Still, population growth, even if it slows, represents a huge problem for people with Gibbs’s beliefs. If massively too many people consume massively too many resources, but “green energy” is not the answer, then what is the answer? Gibbs says little on this point. He vaguely says, “Less must be the new more.”
Obviously Gibbs means much, much less: Less energy use, less mining, less industrial activity of all sorts. Gibbs is not happy merely with the increased industrial efficiency that has actually driven down our use of various resources, as Andrew McAfee documents in his book “More from Less,” subtitled “the surprising story of how we learned to prosper using fewer resources.” Gibbs isn’t looking for such marginal improvements; he’s looking to fundamentally alter our way of living. Practically speaking, what he’s calling for is mass impoverishment.
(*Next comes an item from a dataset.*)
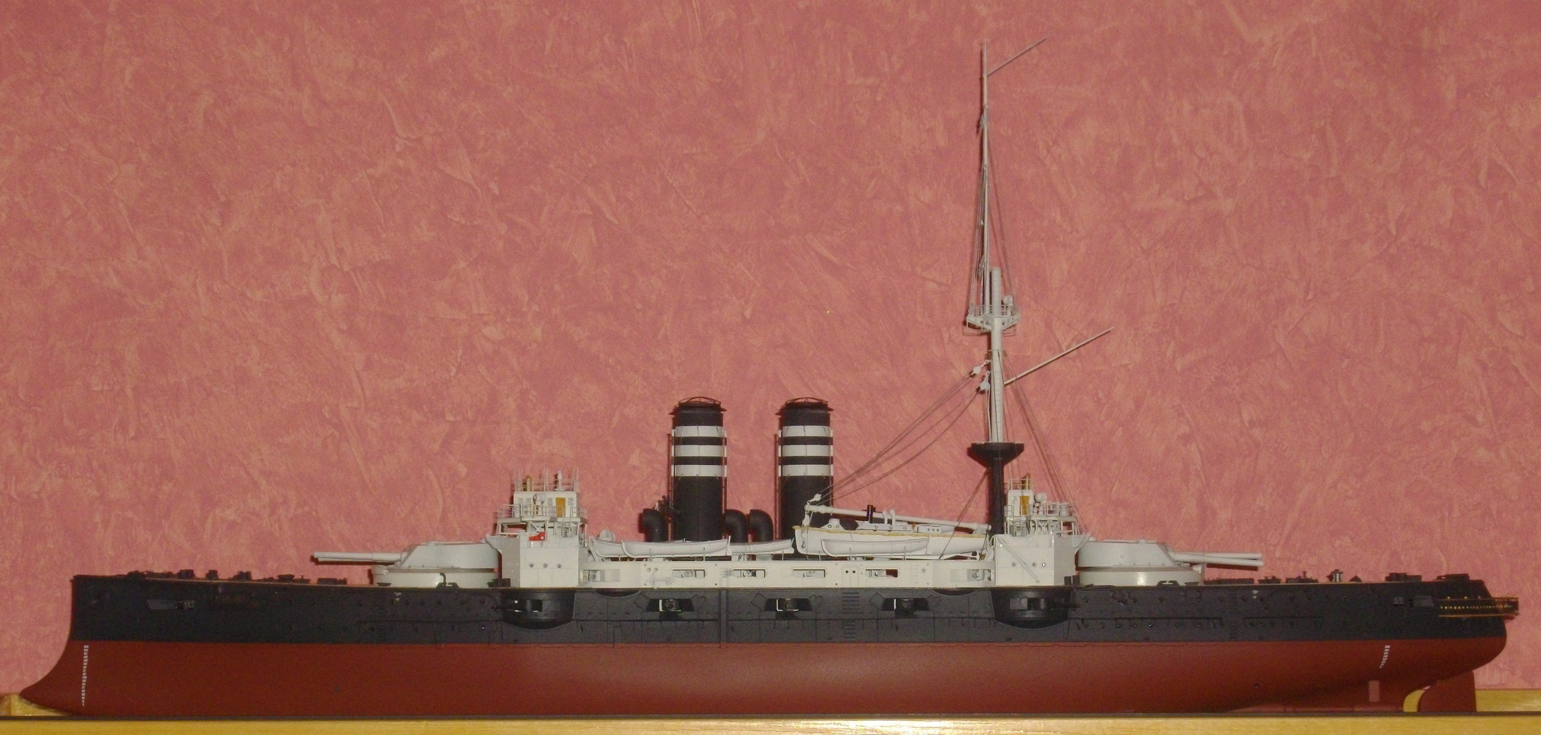 6. Before finishing the funnelstays I placed 4 laddders to the fore funnel platforms. See you in the next update.

I was struck by Gibb’s reaction to the “hockey stick” graph of human population showing the dramatic growth of the past three centuries. We’ve grown from 600 million people in 1700 to 7.8 billion people now. That is simply extraordinary, and, for any humanist, something to celebrate. Gibbs looks at the explosion of human population, and the related explosion of wealth, and says, “That is the most terrifying realization I have ever had.”
But Gibbs is just another modern Malthus. His basic mistake is to think that the fundamental issue is “finite resources,” whereas the fundamental issue really is the capacity of human beings to invent their way out of problems, starting with the problem of living in hostile nature.
Gibbs believes he is witnessing a human-caused “apocalypse,” but, historically, creative people have always proved such doomsayers wrong. Producers met fears of “peak oil” with hydraulic fracturing, which massively expanded known oil and gas reserves; scientists and farmers met fears of mass starvation with advances in agriculture and fertilizers.
Ironically, the largest impediment to abundant, carbon-free energy through new-generation nuclear power plants is the environmentalist movement. We have the know-how to solve our current environmental problems, and I remain confident that eventually we will do so despite the political opposition.
Gibbs titled his film “Planet of the Humans” because he sees expansive and prosperous human civilization as a bad thing. In his worldview, people are the problem. But any person who values living and who looks forward with optimism to a future of humans progressively improving our condition and eventually expanding into the solar system will celebrate our planet of humans.